◆ **Material supplied**:
* * *
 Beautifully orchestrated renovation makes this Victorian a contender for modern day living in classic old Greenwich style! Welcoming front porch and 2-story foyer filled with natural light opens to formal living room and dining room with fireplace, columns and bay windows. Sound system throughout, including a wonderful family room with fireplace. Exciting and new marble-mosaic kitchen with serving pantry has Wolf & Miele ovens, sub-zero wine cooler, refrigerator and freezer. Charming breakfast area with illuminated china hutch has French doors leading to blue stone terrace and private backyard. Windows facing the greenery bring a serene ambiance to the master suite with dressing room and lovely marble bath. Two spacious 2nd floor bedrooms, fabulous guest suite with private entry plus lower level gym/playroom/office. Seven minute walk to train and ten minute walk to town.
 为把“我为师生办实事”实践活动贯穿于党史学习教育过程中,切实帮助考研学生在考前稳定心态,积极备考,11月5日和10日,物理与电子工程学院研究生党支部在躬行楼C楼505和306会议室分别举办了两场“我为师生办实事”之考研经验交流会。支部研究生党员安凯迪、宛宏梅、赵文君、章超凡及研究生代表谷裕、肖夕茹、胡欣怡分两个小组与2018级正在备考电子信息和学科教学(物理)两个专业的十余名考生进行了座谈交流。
* * *
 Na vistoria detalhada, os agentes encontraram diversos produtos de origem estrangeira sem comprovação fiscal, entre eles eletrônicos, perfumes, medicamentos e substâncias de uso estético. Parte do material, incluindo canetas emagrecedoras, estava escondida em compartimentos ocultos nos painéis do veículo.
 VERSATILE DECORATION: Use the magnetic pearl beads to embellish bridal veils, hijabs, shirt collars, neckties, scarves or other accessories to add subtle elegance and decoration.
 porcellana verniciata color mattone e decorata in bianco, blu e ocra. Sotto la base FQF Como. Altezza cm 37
* * *
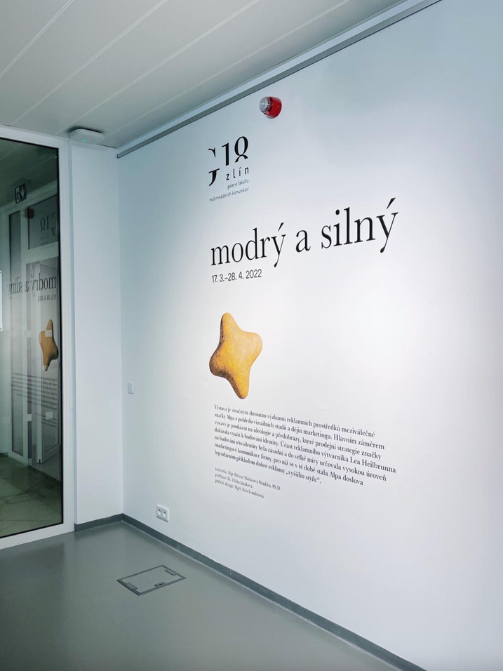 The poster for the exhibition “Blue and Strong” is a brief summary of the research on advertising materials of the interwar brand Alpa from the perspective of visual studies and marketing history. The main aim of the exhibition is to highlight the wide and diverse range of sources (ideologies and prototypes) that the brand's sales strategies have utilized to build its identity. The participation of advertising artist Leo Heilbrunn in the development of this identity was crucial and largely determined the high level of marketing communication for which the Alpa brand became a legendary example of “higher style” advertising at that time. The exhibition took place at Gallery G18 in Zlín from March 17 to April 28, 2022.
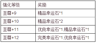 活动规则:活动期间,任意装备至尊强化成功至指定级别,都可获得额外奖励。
* * *
◆ **Activity**:
Please give back exactly the lines of this listing beginning at the line with "VERSATILE DECORATION: Use" and ending with the line with "porcellana verniciata color", both included, and nothing else.

◆ **Written solution**:
 VERSATILE DECORATION: Use the magnetic pearl beads to embellish bridal veils, hijabs, shirt collars, neckties, scarves or other accessories to add subtle elegance and decoration.
 porcellana verniciata color mattone e decorata in bianco, blu e ocra. Sotto la base FQF Como. Altezza cm 37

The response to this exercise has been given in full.